(Task requirements) Pictures in the data below are not part of the copy; transcribe everything else exactly.

(Dataset content)
######
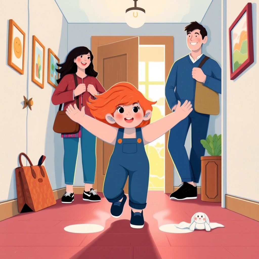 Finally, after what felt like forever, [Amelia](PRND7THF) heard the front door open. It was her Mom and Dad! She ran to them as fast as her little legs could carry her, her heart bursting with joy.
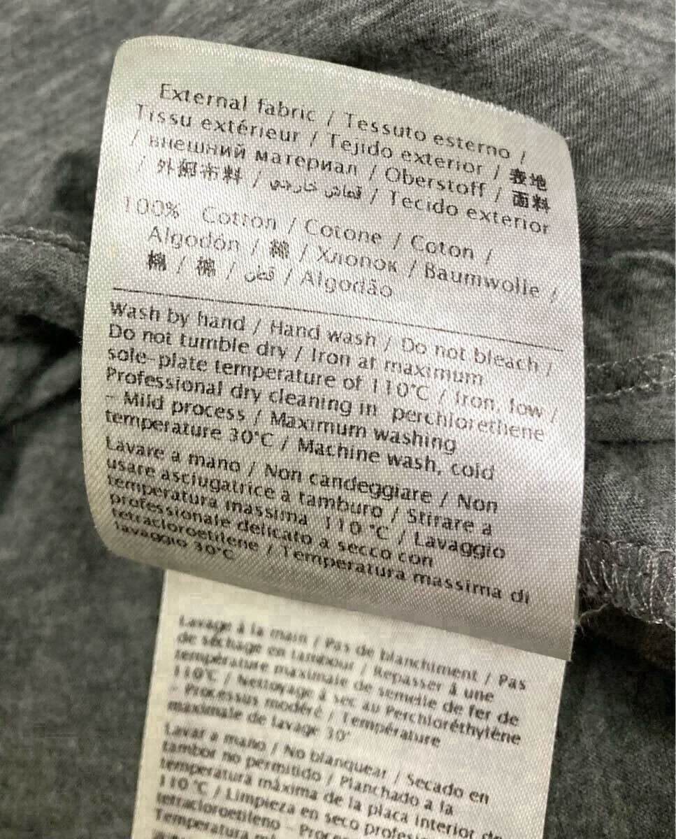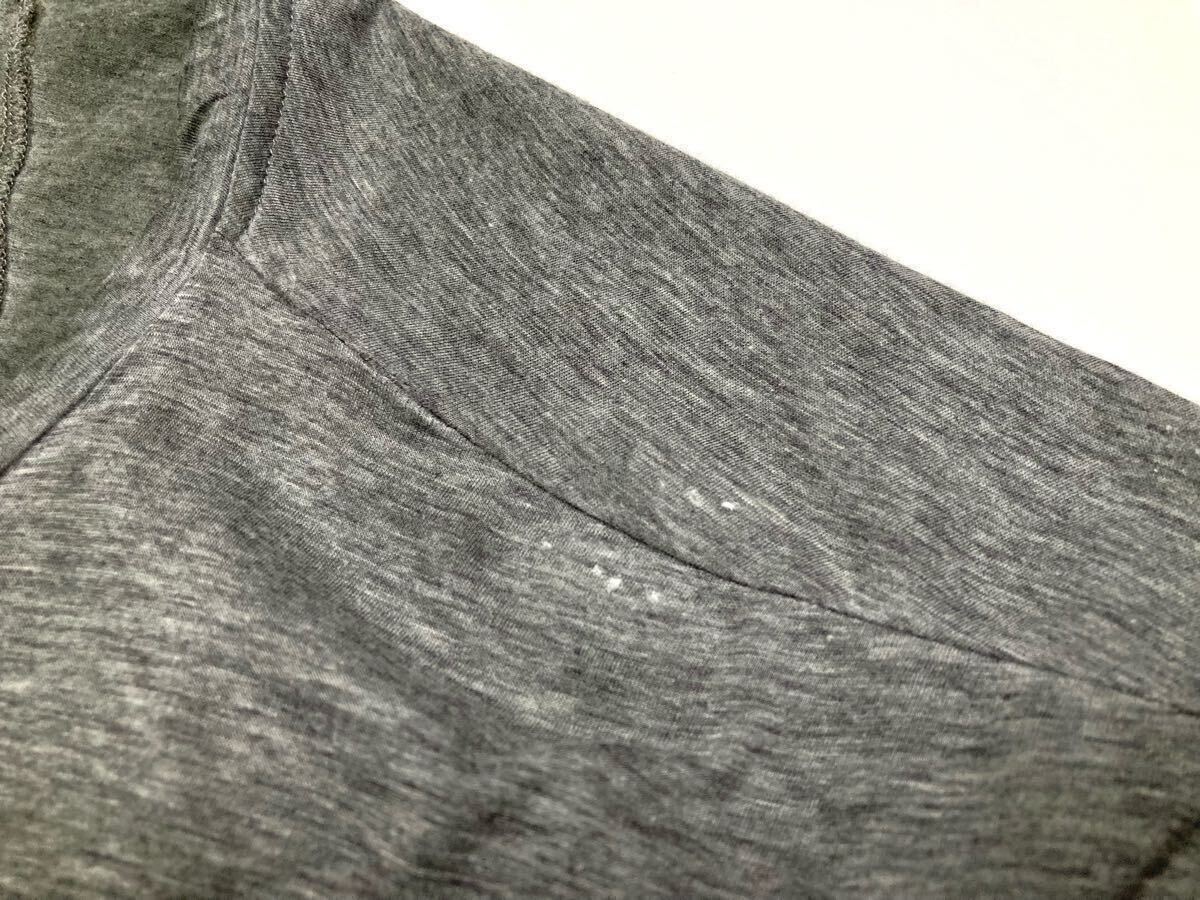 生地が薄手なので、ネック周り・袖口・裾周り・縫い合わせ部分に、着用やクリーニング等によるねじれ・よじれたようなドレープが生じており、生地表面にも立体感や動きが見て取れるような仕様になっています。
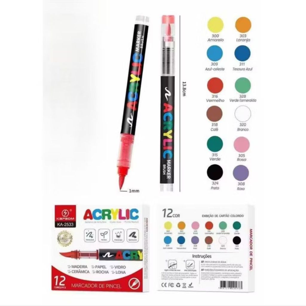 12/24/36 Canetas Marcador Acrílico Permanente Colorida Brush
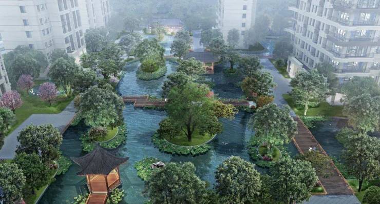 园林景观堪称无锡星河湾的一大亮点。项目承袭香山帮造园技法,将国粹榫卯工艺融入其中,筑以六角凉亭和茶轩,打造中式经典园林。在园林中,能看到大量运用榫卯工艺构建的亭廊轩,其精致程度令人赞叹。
######
(Solved problem)
 Finally, after what felt like forever, [Amelia](PRND7THF) heard the front door open. It was her Mom and Dad! She ran to them as fast as her little legs could carry her, her heart bursting with joy.
 生地が薄手なので、ネック周り・袖口・裾周り・縫い合わせ部分に、着用やクリーニング等によるねじれ・よじれたようなドレープが生じており、生地表面にも立体感や動きが見て取れるような仕様になっています。
 12/24/36 Canetas Marcador Acrílico Permanente Colorida Brush
 园林景观堪称无锡星河湾的一大亮点。项目承袭香山帮造园技法,将国粹榫卯工艺融入其中,筑以六角凉亭和茶轩,打造中式经典园林。在园林中,能看到大量运用榫卯工艺构建的亭廊轩,其精致程度令人赞叹。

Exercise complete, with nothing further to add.